De aangewezen toezichthoudende ambtenaren van de Eenheid toezicht WNT zijn bevoegd om op eigen initiatief of naar aanleiding van een melding onderzoek te doen naar de naleving van de WNT. De toezichthouder kan onderzoek doen door op eigen titel stukken van de betrokken instelling en topfunctionaris op te vragen en in te zien. De toezichthouder komt hierbij de bevoegdheden toe van titel 5.2 van de Awb. Voorts is het Hoofd TEA die leiding geeft aan de Eenheid toezicht WNT bevoegd om namens de Minister van Justitie en Veiligheid informatie te vorderen van de Belastingdienst, pensioeninstanties en verzekeraars (artikel 5.3 WNT). Omdat dit een feitelijke handeling betreft, is voormeld Hoofd daarvoor machtiging (en geen mandaat) verleend.
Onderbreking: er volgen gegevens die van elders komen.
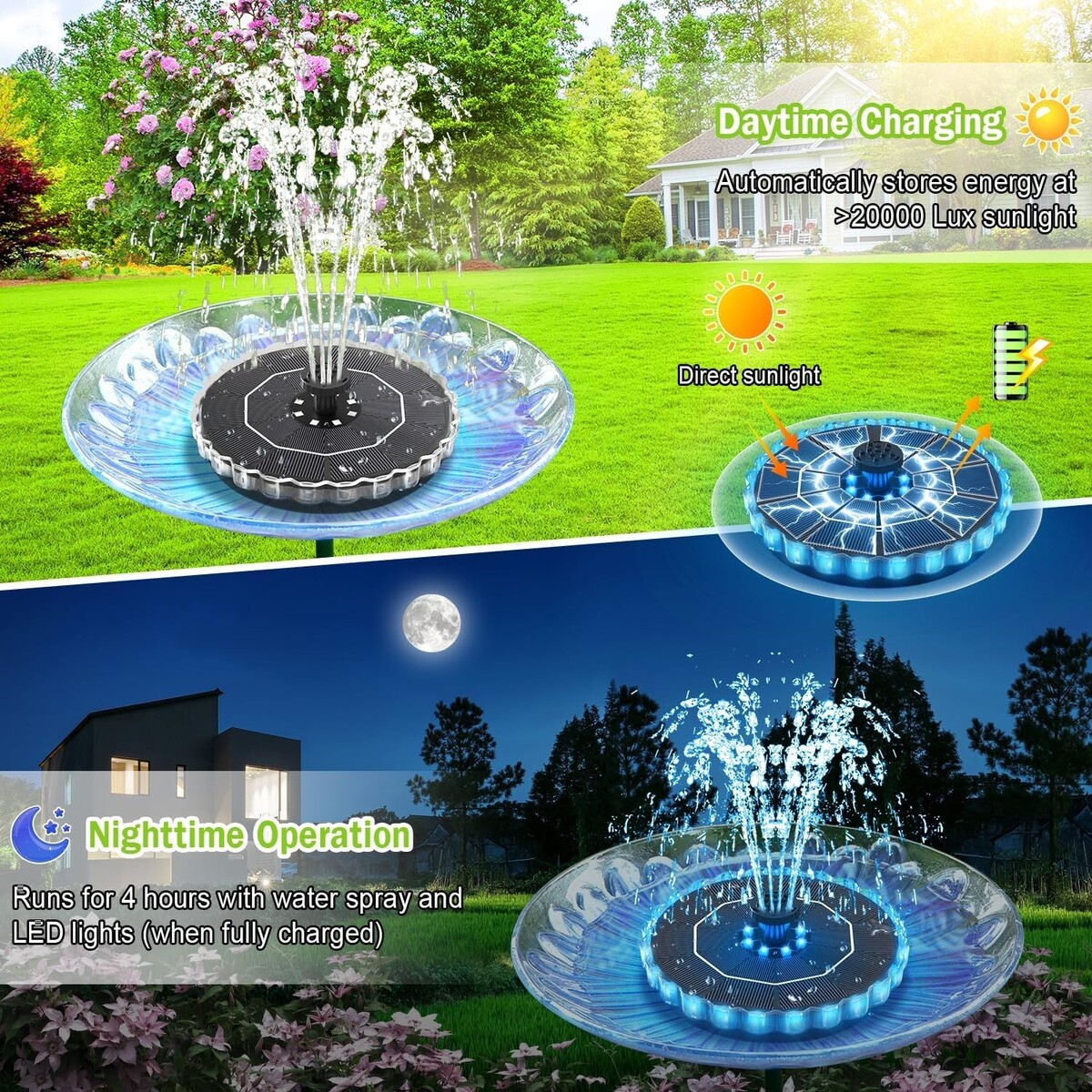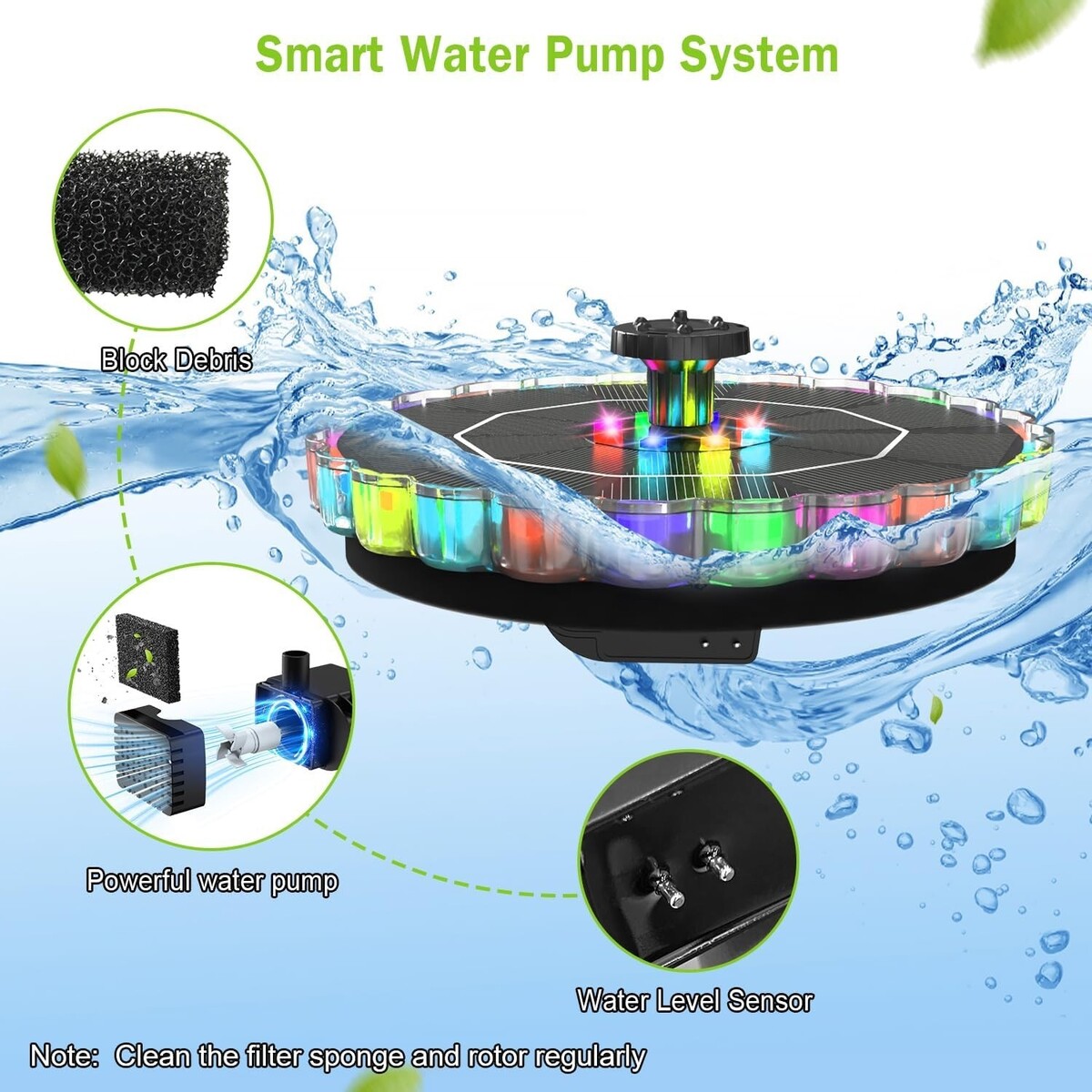If you're seeking an eye-catching addition to your garden or a serene enhancement for your bird bath, this fountain is your ideal choice. Its customizable features allow you to express your unique taste while providing a serene environment for birds to visit. The charming LED lights create a magical feel during the evening hours, and the smart safety features ensure your fountain operates reliably without worry.

Bij geconstateerde overtredingen zal de Eenheid toezicht WNT een dossier opstellen waarin onder meer de bewijsvoering van de geconstateerde overtredingen zal zijn opgenomen. Vervolgens zal de Minister van Justitie en Veiligheid handhavend kunnen optreden, zo nodig door het opleggen van een last onder dwangsom (artikel 5.4 WNT), het opeisen van betalingen boven de norm (artikel 5.5 WNT) en het op kosten van de instelling publiceren van ten onrechte niet openbaar gemaakte gegevens (artikel 5.6 WNT).